Image source: Getty Images.
Demitri Kalogeropoulos (Microsoft): Sure, it's already an over $3 trillion company. But Microsoft still looks like a great long-term buy heading into September. The software giant just closed out an eye-popping fiscal year headlined by a 15% revenue spike and even faster profit growth. Microsoft booked $129 billion of operating income in the past 12 months, in fact, translating into a blazing 46% profit margin.
You can't fault Wall Street for being excited about the potential for this business to capitalize on tech trends such as AI, the pivot toward subscription software services, and the cloud. That optimism helps explain why Microsoft stock has more than doubled since mid-2020.

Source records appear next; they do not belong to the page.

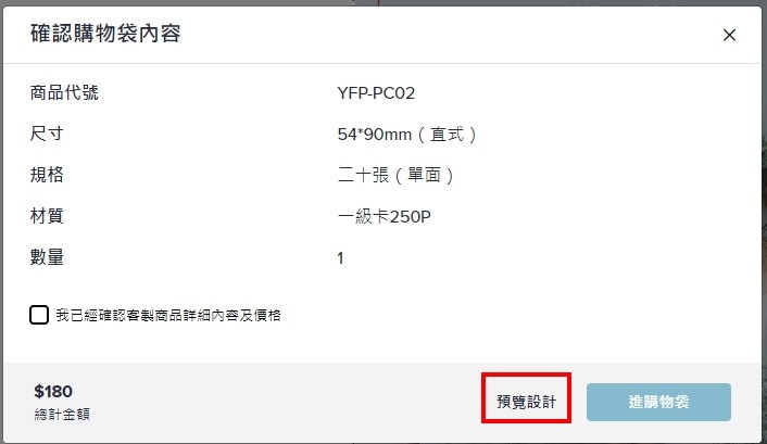 此處會呈現商品總金額,也可以再點擊此處,重新選擇變更印刷規格等需求,選擇完成後,點擊「加入購物袋」,會跳出印前最後的確認視窗,確認完所有印刷規格需求與價格後,勾選「我已經確認客製商品詳細內容及價錢」,再點擊「進購物袋」,即可將商品加入購物袋。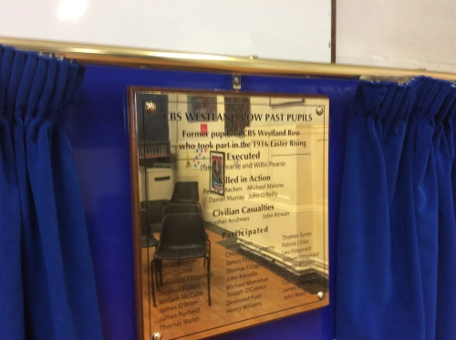Research carried out by the Past Pupils Union revealed that an extraordinary number of past pupils of Westland Row CBS took part in the 1916 Rising. We have been able to establish the names of 36 past pupils who were involved and a specially commissioned bronze plaque bearing their names was unveiled in a ceremony in the school on May 4th. 2016. This date also marked the centenary of the execution of Willie Pearse and after the unveiling ceremony the group attended a special Mass in St. Andrews church. Mass was celebrated by past pupil Monsignor Dan O’Connor and PPU chaplain, Fr. Eugene McCarthy. The Mass was well attended by past pupils, present pupils and teachers. Music and song were provided by Kathryn Smith and Carole O’Connor. The 36 names on the plaque are as follows –
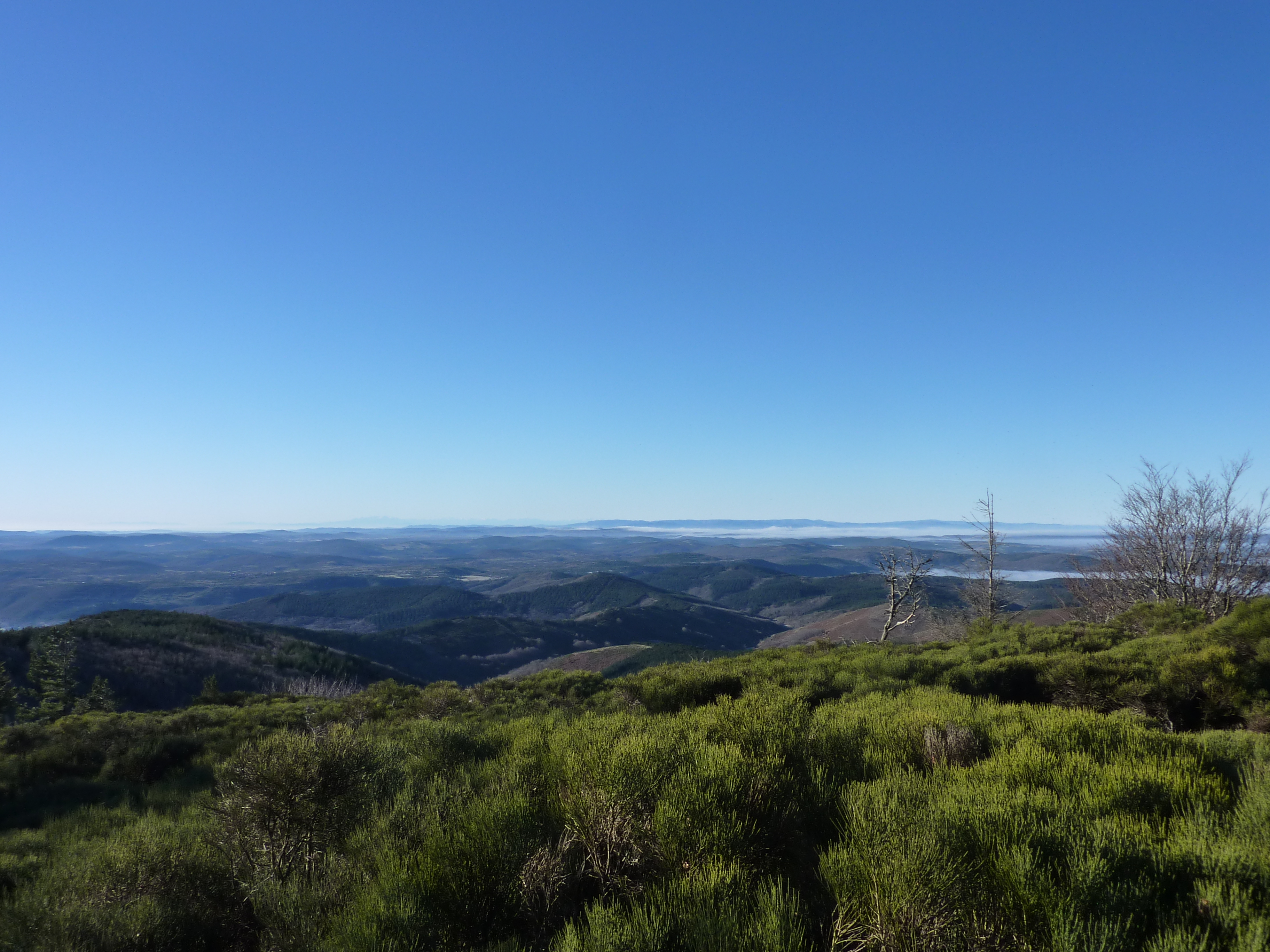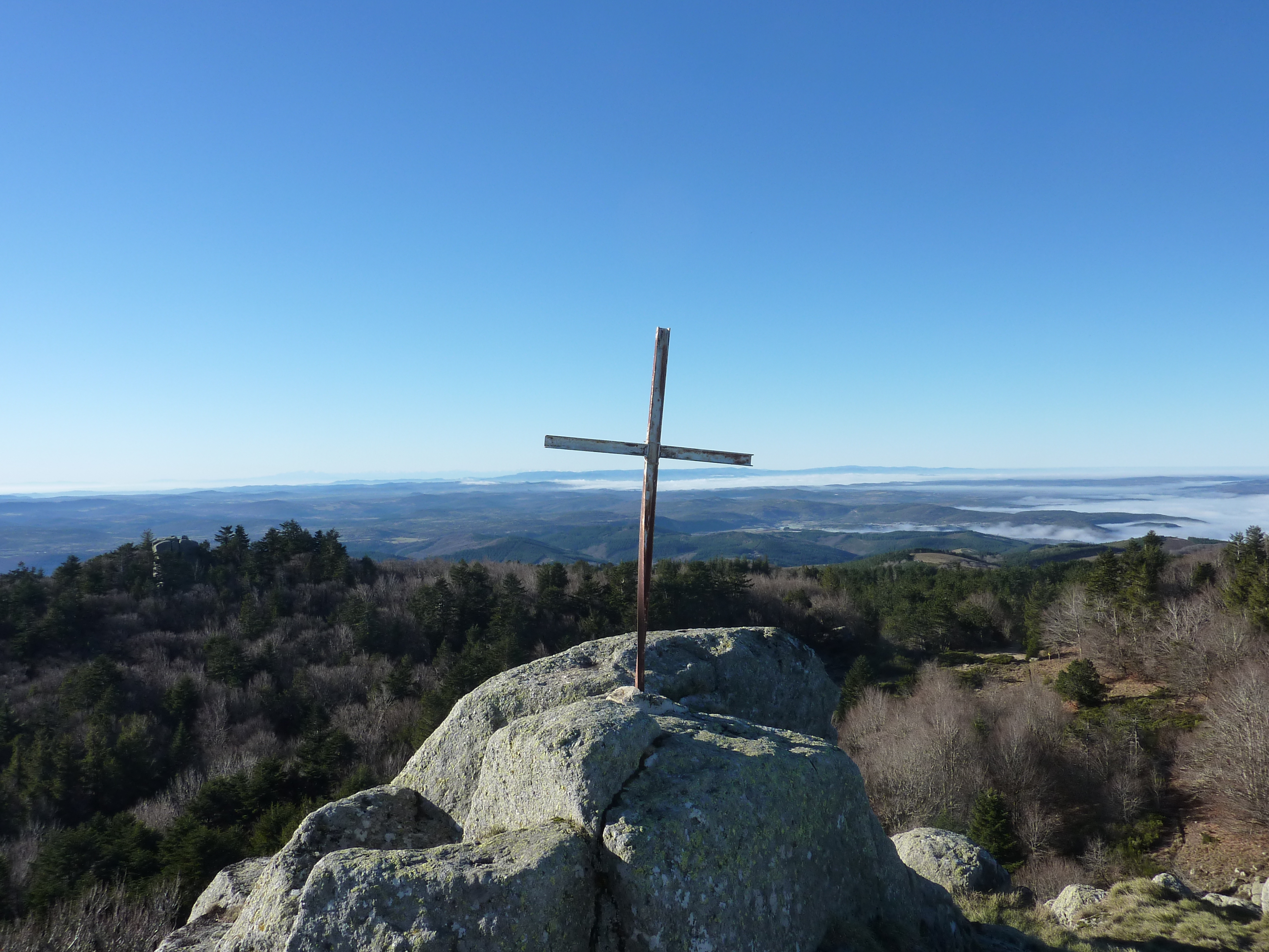 Arrivée au sommet du Saint-Guiral (1366 m) : magnifique panorama aujourd'hui sur les Cévennes gardoises, les sommets héraultais du Piémont Cévenol et du Haut-Languedoc, les causses aveyronnais et les Pyrénées catalanes enneigées au loin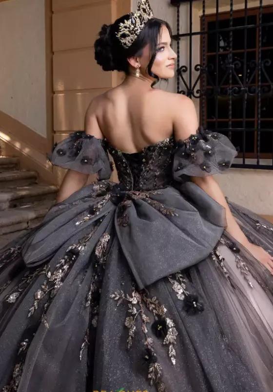 Glorious ball gown style 4080022 by Vizcaya is the perfect choice for your special day. The strapless sweetheart neckline is paired with detachable applique puff sleeves and a matching bow. Showcasing the fitted bodice embellished with trailing 3D floral detailing which highlight the trim of the neckline and meticulously placed all over the full tulle skirt.

The rally has admittedly pushed the stock into "expensive" territory, trading at 37 times the past year's earnings. Microsoft earns that premium, though, by providing a level of diversity that's hard to find in the tech world. Where else can you get so much exposure to enterprise and consumer software, gaming, and consumer tech in one package?
But the best reason to like Microsoft right now might be the simplest: cash flow. The tech giant generated $136 billion of operating cash this year, up from $119 billion in fiscal 2024. Those resources should support aggressive growth investments over the coming years while leaving room for an expanding dividend and ample stock buyback spending -- all factors that point to excellent shareholder returns from here.
Neha Chamaria (Brookfield Asset Management): Brookfield Asset Management was founded in late 2022 after the spinoff of the asset management operations of Brookfield Corporation (NYSE: BN), itself formerly known as Brookfield Asset Management. Investors who bought the stock then have already doubled their money, with dividends reinvested. Management believes the "best is yet to come," and it's highly likely those words will come true for investors who buy shares of Brookfield Asset Management now for five reasons.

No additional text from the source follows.